### [RECORDS FOR THIS EXERCISE]

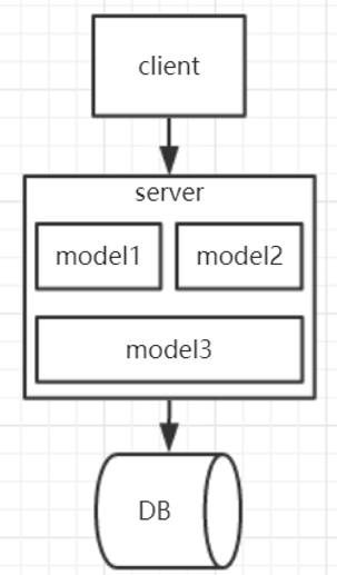 在单体架构里面,客户端可能是cs的,也可能是bs的,服务里面包括所有的模型。所有的请求都包括在server里面,数据库只有一个。实现这个架构更多的是sql语句写好,业务更多的是通过sql来实现的。那个时候hibernate还没有,也没有ORM框架,用这jdbc写的挺爽,当model越来越多的时候,开发效率变的很低,这个项目可能几百个模块,光构建就要花半个小时,我记得公司原来有个项目,那时候才大学毕业那个项目名字叫98系统,就是98年开发完毕的,构建需要半个小时,那时候电脑内存才2g,用的是奔4cpu。其中一个模块报错,需要重新构建一次,都是全部写完看了几遍才敢测试,因为构建太慢了。
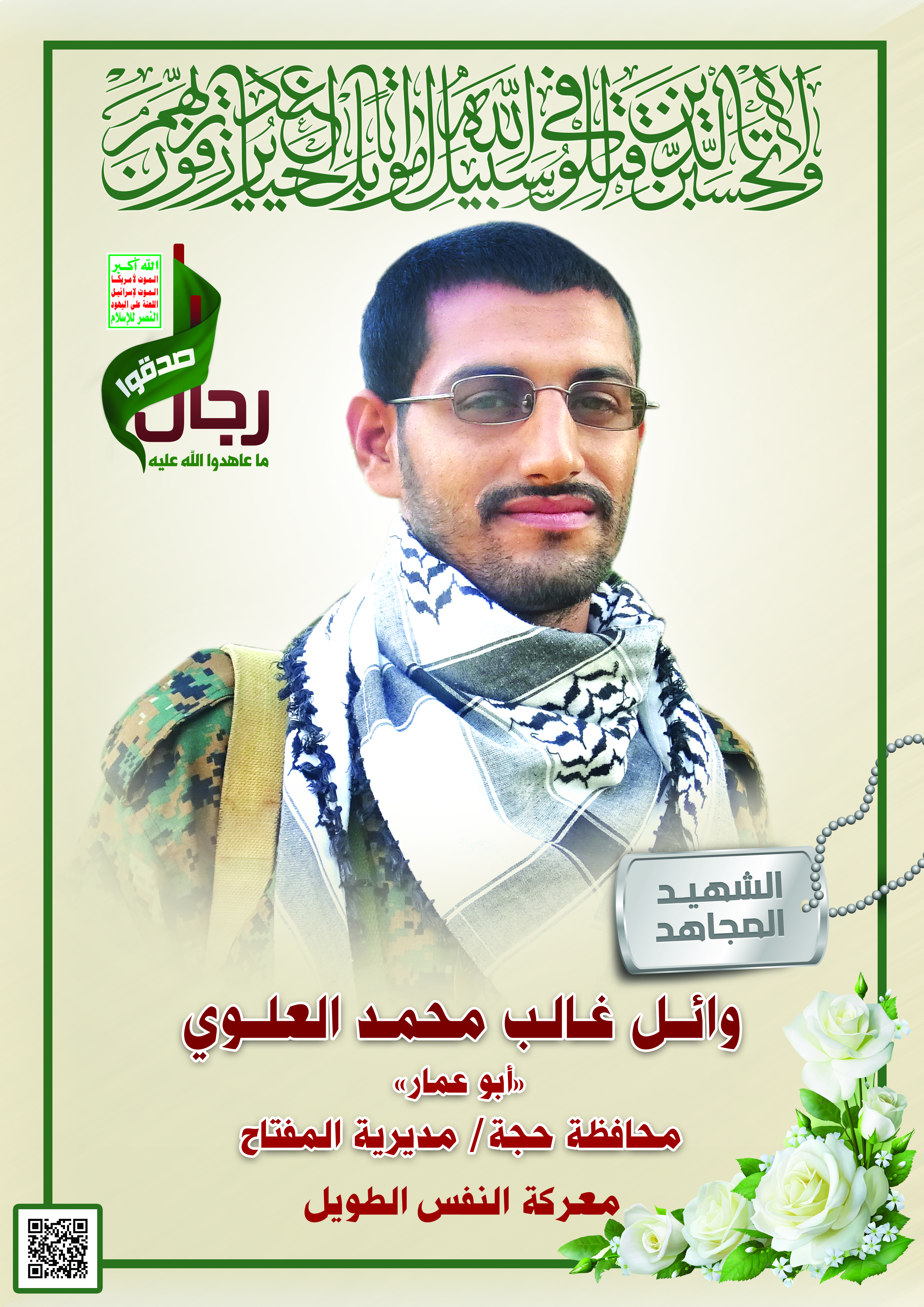 Actor وائل غالب محمد حسن العلوي Filmography الشهيد المجاهد: وائل غالب محمد حسن العلوي – أبو عمار المحافظة: حجة المديرية: المفتاح – بني الجرادي معركة النفس الطويل رقم الحافظة: 123225
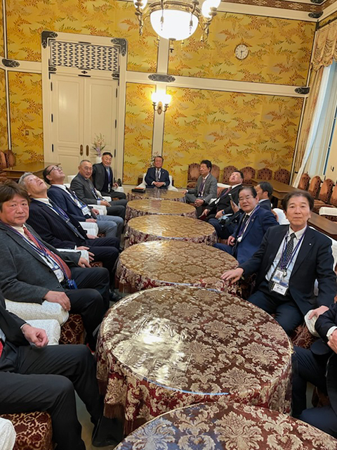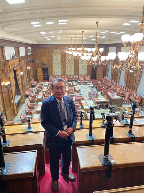 当日は12時30分に第2議員会館前に全員集合し、11階の事務所をまず訪問した。三木議員は代議士会続いて本会議があった為、秘書の渡壁氏・森山氏に案内を頂いた。議員事務所でしばし休憩、写真撮影をし、カレーライスが有名な議員食堂に移動。昼食をとり、本会議場傍聴席へ移動した。傍聴者は住所、名前、年齢を記載し、携帯電話等の金属類は全てローカーに収納し、金属探知機を通って入場する。議場全体を見下ろせる傍聴席に陣取り、高市総理の答弁を聞く事ができた。テレビでしか見ない閣僚の姿、有名議員の姿も遠くからではあるが、拝見する事ができた。
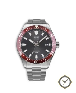 Eine Taucheruhr-Uhr mit einem vielseitigen 41mm Gehäuse, das an fast jedes Handgelenk passt, gefertigt aus Edelstahl mit einem Zifferblatt in schwarz und einer besonderen "matte"-Oberfläche.
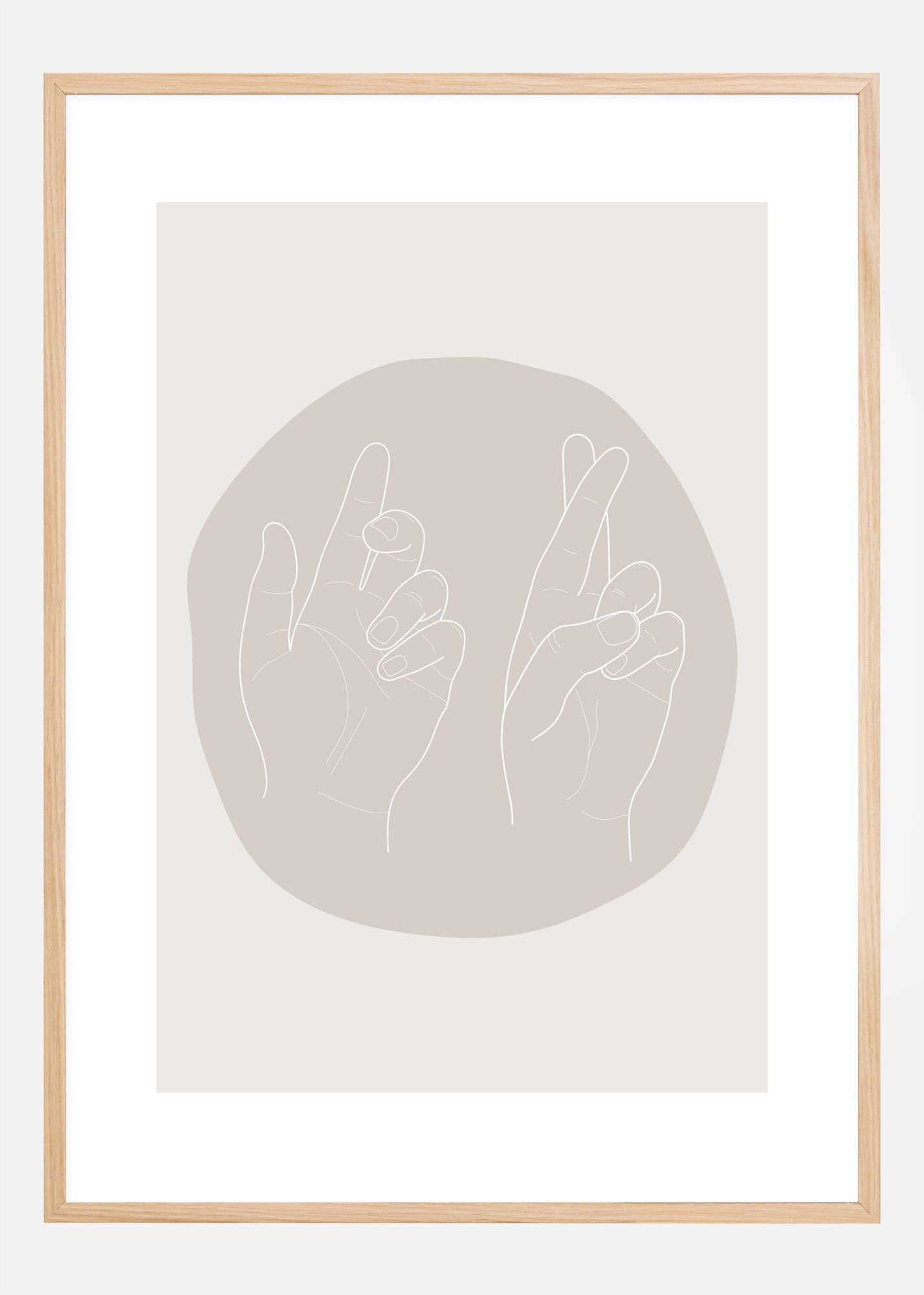 En enkel poster av två vänsterhänder mot en rund beige form. Cirkeln har placerats på en hudfärgad bakgrund med båda händerna pekande mot posterns övre kant. Händerna är avslappnade och skapar en lugn atmosfär i ditt hem. En perfekt bild för ditt arbetsrum.

### [WHAT THE TASK REQUIRES]
Print the data above from its first line through the line that has "Eine Taucheruhr-Uhr mit", exactly and with nothing else, omitting pictures.

### [RESULT OF THE EXERCISE]
 在单体架构里面,客户端可能是cs的,也可能是bs的,服务里面包括所有的模型。所有的请求都包括在server里面,数据库只有一个。实现这个架构更多的是sql语句写好,业务更多的是通过sql来实现的。那个时候hibernate还没有,也没有ORM框架,用这jdbc写的挺爽,当model越来越多的时候,开发效率变的很低,这个项目可能几百个模块,光构建就要花半个小时,我记得公司原来有个项目,那时候才大学毕业那个项目名字叫98系统,就是98年开发完毕的,构建需要半个小时,那时候电脑内存才2g,用的是奔4cpu。其中一个模块报错,需要重新构建一次,都是全部写完看了几遍才敢测试,因为构建太慢了。
 Actor وائل غالب محمد حسن العلوي Filmography الشهيد المجاهد: وائل غالب محمد حسن العلوي – أبو عمار المحافظة: حجة المديرية: المفتاح – بني الجرادي معركة النفس الطويل رقم الحافظة: 123225
 当日は12時30分に第2議員会館前に全員集合し、11階の事務所をまず訪問した。三木議員は代議士会続いて本会議があった為、秘書の渡壁氏・森山氏に案内を頂いた。議員事務所でしばし休憩、写真撮影をし、カレーライスが有名な議員食堂に移動。昼食をとり、本会議場傍聴席へ移動した。傍聴者は住所、名前、年齢を記載し、携帯電話等の金属類は全てローカーに収納し、金属探知機を通って入場する。議場全体を見下ろせる傍聴席に陣取り、高市総理の答弁を聞く事ができた。テレビでしか見ない閣僚の姿、有名議員の姿も遠くからではあるが、拝見する事ができた。
 Eine Taucheruhr-Uhr mit einem vielseitigen 41mm Gehäuse, das an fast jedes Handgelenk passt, gefertigt aus Edelstahl mit einem Zifferblatt in schwarz und einer besonderen "matte"-Oberfläche.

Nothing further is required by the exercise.